Once a young girl in braids sang a song with almost no tune. It wandered from note to note as if by accident. Then a man with a heavy black mustache recited what must have been a poem. He spoke so grandly and unselfconsciously that passersby glanced in, and when he had finished he translated it for Ezra. “O dead one, why did you die in the springtime? You haven’t yet tasted the squash, or the cucumber salad.”

Why, even their poetry touched matters close to Ezra’s heart.


By December he had replaced three of the somber-suited waiters with cheery, motherly waitresses, and he’d scrapped the thick beige menus and started listing each day’s dishes on the blackboard. This meant, of course, that the cooks all left (none of the dishes were theirs, or even their type), so he did most of the cooking himself, with the help of a woman from New Orleans and a Mexican. These two had recipes of their own as well, some of which Ezra had never tasted before; he was entranced. It was true that the customers seemed surprised, but they adjusted, Ezra thought. Or most of them did.

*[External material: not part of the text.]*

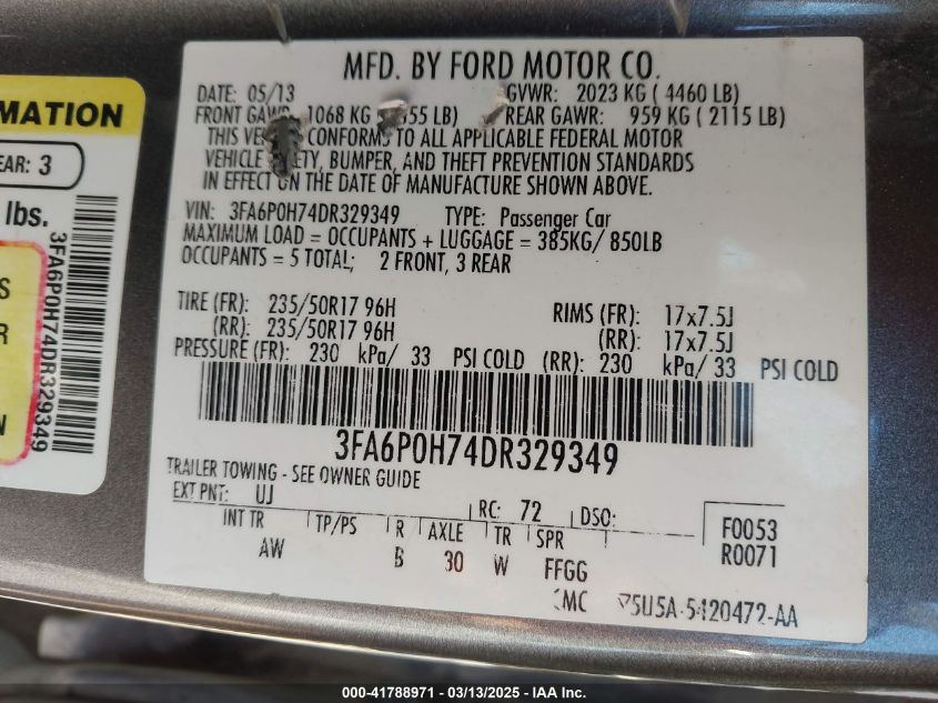 Color GrayCylinders 4Drive Front wheel driveVIN 3FA6P0H74DR******State Run & Drive VerifiedDamage From the sides AutoRIA

Now he grew feverish with new ideas, and woke in the night longing to share them with someone. Why not a restaurant full of refrigerators, where people came and chose the food they wanted? They could fix it themselves on a long, long stove lining one wall of the dining room. Or maybe he could install a giant fireplace, with a whole steer turning slowly on a spit. You’d slice what you liked onto your plate and sit around in armchairs eating and talking with the guests at large. Then again, maybe he would start serving only street food. Of course! He’d cook what people felt homesick for—tacos like those from vendor’s carts in California, which the Mexican was always pining after; and that wonderful vinegary North Carolina barbecue that Todd Duckett had to have brought by his mother several times a year in cardboard cups. He would call it the Homesick Restaurant. He’d take down the old black and gilt sign …

But then he saw the sign, SCARLATTI’S, and he groaned and pressed his fingers to his eyes and turned over in his bed.


“You have a beautiful country,” the light-skinned woman said.

“Thank you,” said Ezra.

“All that green! And so many birds. Last summer, before my father-in-law fell ill, we were renting a house in New Jersey. The Garden State, they call it. There were roses everywhere.